* AIM OF THE EXERCISE *
Copy out again, unchanged, the listing below from the line that has "Die erste Kollektion" through the line that has "接着,输入以下命令:【Enable-MMAgent -mc】,回车运行。".

* STORED DATA *
⁂
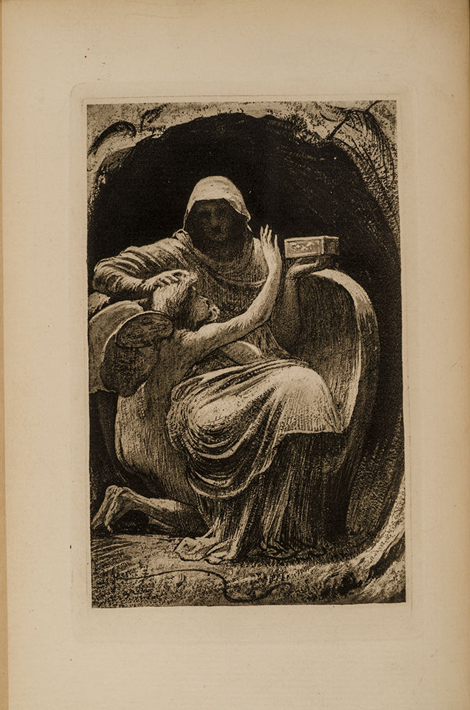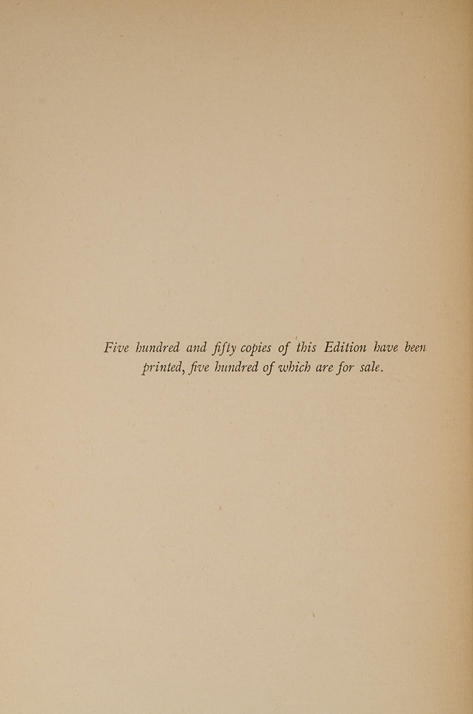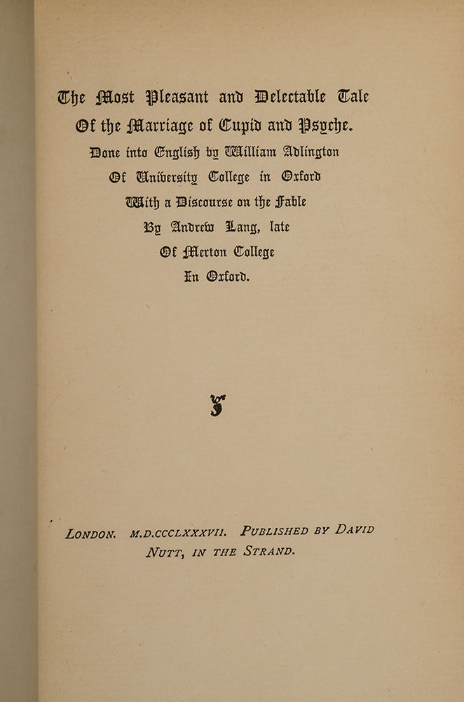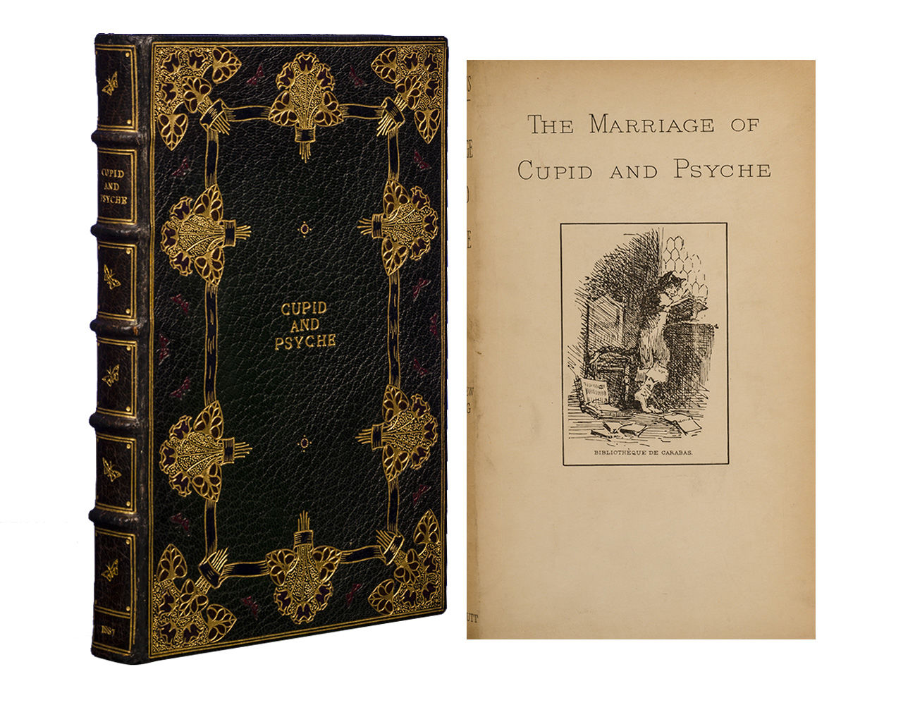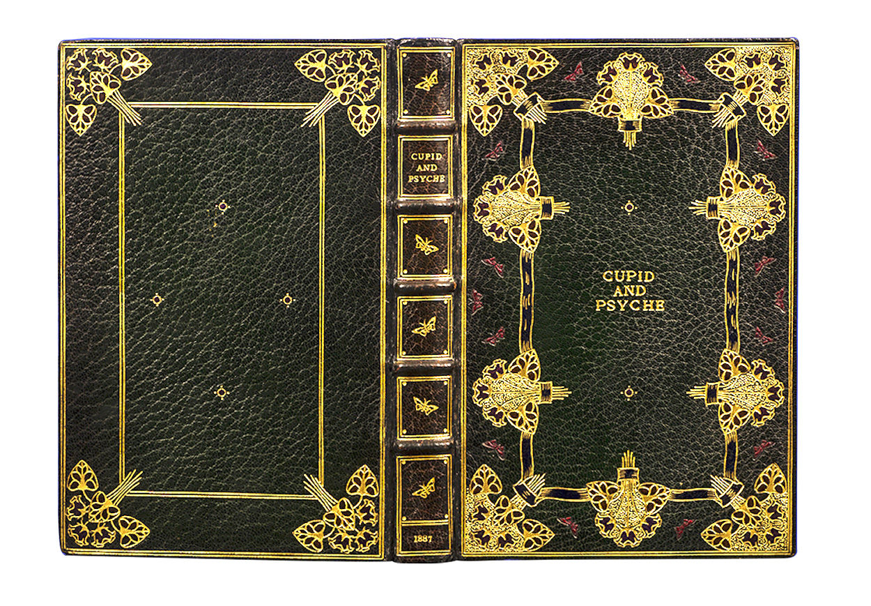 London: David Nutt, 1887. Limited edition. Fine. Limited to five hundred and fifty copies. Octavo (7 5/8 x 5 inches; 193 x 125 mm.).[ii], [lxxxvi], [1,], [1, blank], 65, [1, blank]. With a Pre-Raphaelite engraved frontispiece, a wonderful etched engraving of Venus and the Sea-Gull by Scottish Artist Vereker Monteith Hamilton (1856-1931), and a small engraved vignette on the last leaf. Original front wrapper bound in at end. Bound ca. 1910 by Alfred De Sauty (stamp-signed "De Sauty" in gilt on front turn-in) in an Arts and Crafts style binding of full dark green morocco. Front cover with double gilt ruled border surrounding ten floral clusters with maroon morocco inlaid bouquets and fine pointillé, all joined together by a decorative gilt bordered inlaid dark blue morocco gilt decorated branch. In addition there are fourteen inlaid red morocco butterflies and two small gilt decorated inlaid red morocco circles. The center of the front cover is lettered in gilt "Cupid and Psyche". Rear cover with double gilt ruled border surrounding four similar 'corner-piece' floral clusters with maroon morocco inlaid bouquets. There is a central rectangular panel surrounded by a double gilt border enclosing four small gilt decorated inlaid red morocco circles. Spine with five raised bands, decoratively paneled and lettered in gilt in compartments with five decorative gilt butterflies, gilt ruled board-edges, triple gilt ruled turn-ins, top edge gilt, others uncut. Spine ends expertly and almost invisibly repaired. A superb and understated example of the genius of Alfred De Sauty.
⁂
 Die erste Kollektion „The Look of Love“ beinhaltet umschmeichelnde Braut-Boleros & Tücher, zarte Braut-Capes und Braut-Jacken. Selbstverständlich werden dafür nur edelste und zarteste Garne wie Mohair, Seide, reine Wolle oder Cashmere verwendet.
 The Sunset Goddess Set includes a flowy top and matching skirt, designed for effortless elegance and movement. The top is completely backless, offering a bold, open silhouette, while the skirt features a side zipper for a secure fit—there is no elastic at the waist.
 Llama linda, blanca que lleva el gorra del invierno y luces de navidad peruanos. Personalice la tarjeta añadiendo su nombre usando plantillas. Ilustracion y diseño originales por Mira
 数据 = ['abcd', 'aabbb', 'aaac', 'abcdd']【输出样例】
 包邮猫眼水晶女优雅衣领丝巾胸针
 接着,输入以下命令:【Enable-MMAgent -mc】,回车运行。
⁂
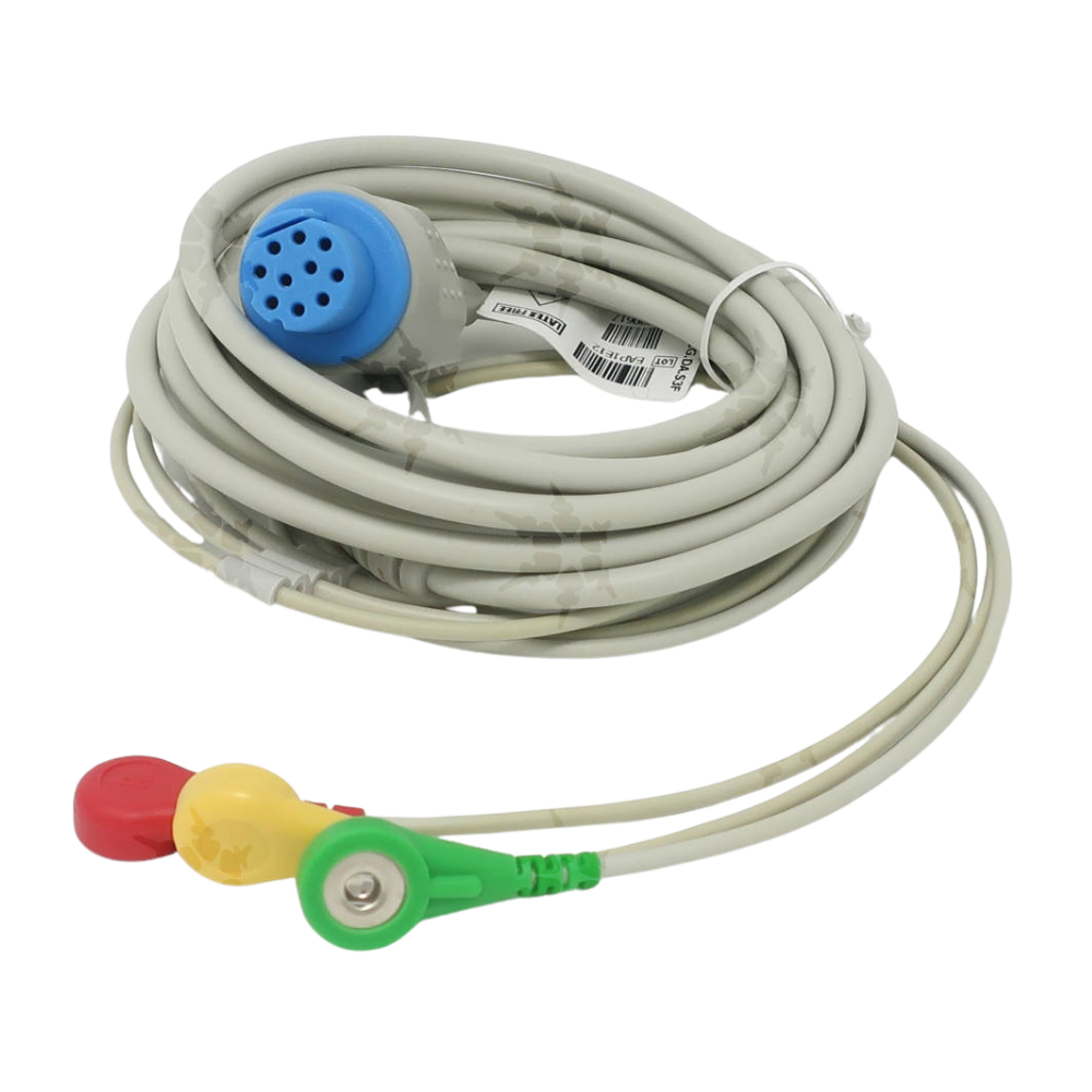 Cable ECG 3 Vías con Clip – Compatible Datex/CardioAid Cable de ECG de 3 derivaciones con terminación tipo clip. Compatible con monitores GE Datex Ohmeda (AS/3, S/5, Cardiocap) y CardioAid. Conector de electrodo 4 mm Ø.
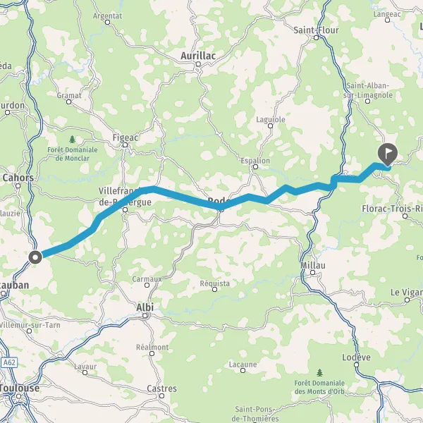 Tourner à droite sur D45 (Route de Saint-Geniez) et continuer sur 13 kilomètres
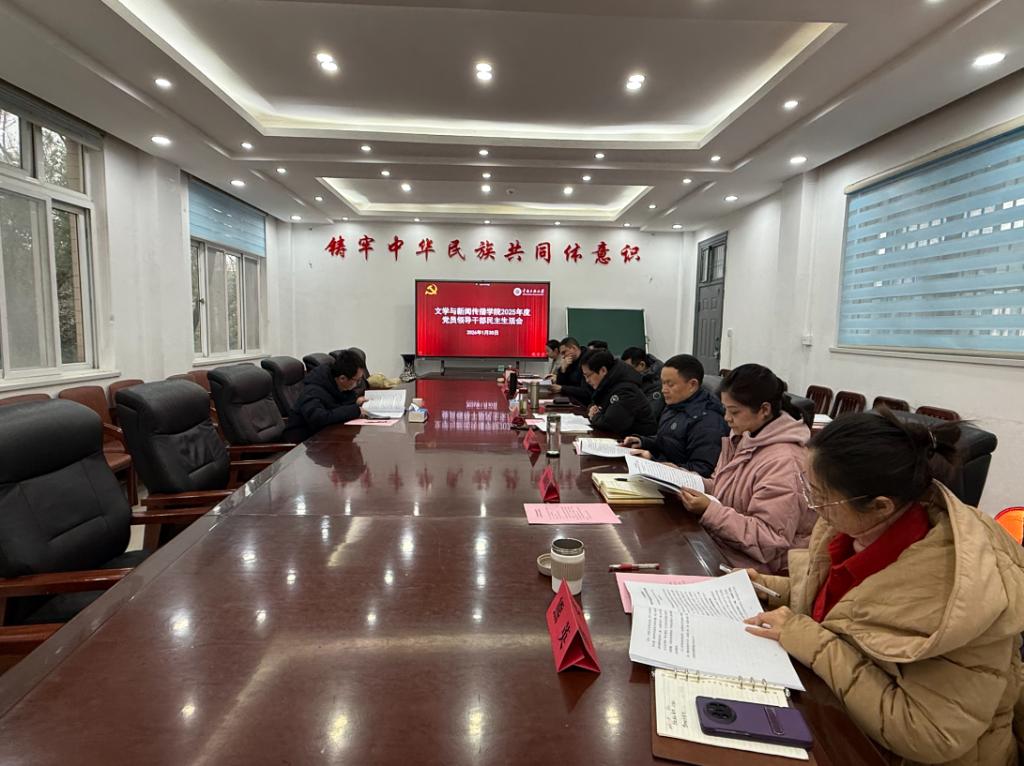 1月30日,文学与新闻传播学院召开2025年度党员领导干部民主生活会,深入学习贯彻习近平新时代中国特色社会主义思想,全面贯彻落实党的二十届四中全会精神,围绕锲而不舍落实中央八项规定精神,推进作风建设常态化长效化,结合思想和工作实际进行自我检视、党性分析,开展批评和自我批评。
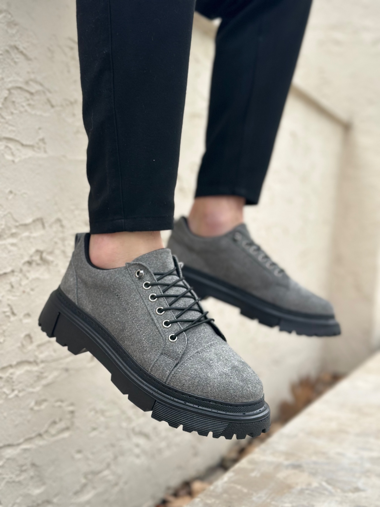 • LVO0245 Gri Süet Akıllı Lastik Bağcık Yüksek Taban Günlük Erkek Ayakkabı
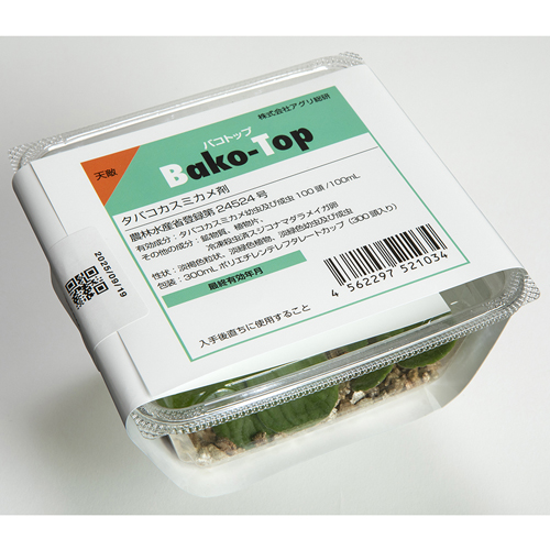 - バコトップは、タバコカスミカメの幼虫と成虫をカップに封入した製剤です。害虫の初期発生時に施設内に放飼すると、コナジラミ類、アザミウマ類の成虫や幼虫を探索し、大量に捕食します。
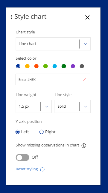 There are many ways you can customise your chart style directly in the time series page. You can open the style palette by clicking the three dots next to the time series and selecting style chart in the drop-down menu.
⁂
* ANSWER SECTION *
 Die erste Kollektion „The Look of Love“ beinhaltet umschmeichelnde Braut-Boleros & Tücher, zarte Braut-Capes und Braut-Jacken. Selbstverständlich werden dafür nur edelste und zarteste Garne wie Mohair, Seide, reine Wolle oder Cashmere verwendet.
 The Sunset Goddess Set includes a flowy top and matching skirt, designed for effortless elegance and movement. The top is completely backless, offering a bold, open silhouette, while the skirt features a side zipper for a secure fit—there is no elastic at the waist.
 Llama linda, blanca que lleva el gorra del invierno y luces de navidad peruanos. Personalice la tarjeta añadiendo su nombre usando plantillas. Ilustracion y diseño originales por Mira
 数据 = ['abcd', 'aabbb', 'aaac', 'abcdd']【输出样例】
 包邮猫眼水晶女优雅衣领丝巾胸针
 接着,输入以下命令:【Enable-MMAgent -mc】,回车运行。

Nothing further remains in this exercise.